Prove that B has 2^m subsets.

Help? - Dec 13th 2010, 09:27 PMDrexel28
There are like forty different ways to do this. Three approaches:

1) Let $\displaystyle [k]=\{1,\cdots,k\}$. Show that $\displaystyle 2^{[k+1]}$ can be partitioned into two blocks, the elements of $\displaystyle 2^{[k]}$ and the elements of $\displaystyle 2^{[k]}$ united with $\displaystyle \{n+1\}$. Conclude that if $\displaystyle a_n=\#\left(2^{[n]}\right)$ then $\displaystyle a_{n+1}=2a_n$.

2) Note that $\displaystyle \displaystyle \#\left(2^{[n]}\right)=\sum_{k=0}^{n}{n\choose k}$ (why?)

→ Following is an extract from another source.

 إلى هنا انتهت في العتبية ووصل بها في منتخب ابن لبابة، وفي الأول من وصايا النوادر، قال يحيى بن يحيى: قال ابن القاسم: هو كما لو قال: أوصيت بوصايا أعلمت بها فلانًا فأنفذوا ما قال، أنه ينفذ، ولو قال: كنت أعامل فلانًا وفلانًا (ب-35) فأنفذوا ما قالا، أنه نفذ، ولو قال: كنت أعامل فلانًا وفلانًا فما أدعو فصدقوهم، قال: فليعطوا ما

3) Show that $\displaystyle \#\left(2^{[n]}\right)=\#\left(\{0,1\}^n\right)$ by showing that $\displaystyle f:2^{[n]}\to\{0,1\}^n$ by mapping $\displaystyle E\subseteq[n]$ to $\displaystyle \mathbf{1}_{E}$ (the indicator function) is a bijection. - Dec 13th 2010, 09:30 PMsnowtea
A subset picks elements from B.

Think about how we form a subset of B. For each element of B, we can either put it in the subset or leave it out.

So for each element there are 2 possibilities (in the subset / not in the subset)

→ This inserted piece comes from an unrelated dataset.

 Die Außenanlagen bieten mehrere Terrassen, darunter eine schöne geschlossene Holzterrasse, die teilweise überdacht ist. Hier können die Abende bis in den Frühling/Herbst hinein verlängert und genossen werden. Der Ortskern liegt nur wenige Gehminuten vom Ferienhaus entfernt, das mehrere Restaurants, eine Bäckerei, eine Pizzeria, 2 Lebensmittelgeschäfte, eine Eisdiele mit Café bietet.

There are m elements, this gives 2*2*2*..[m times]...*2 possibilities, or just 2^m possible subsets. - Dec 13th 2010, 09:38 PMdwsmith
Irrelevant to the thread: I see you are from Tampa. Do you go to USF? I go to UT.

- Dec 13th 2010, 10:13 PMmremwo
i actually liked his response. really helped me think about in terms that make sense. any comment that makes me feel stupid for not realizing it before is always helpful. thanks snowtea

- Dec 13th 2010, 10:16 PMmremwo
And to answer your question dwsmith, I don't go to school in Florida.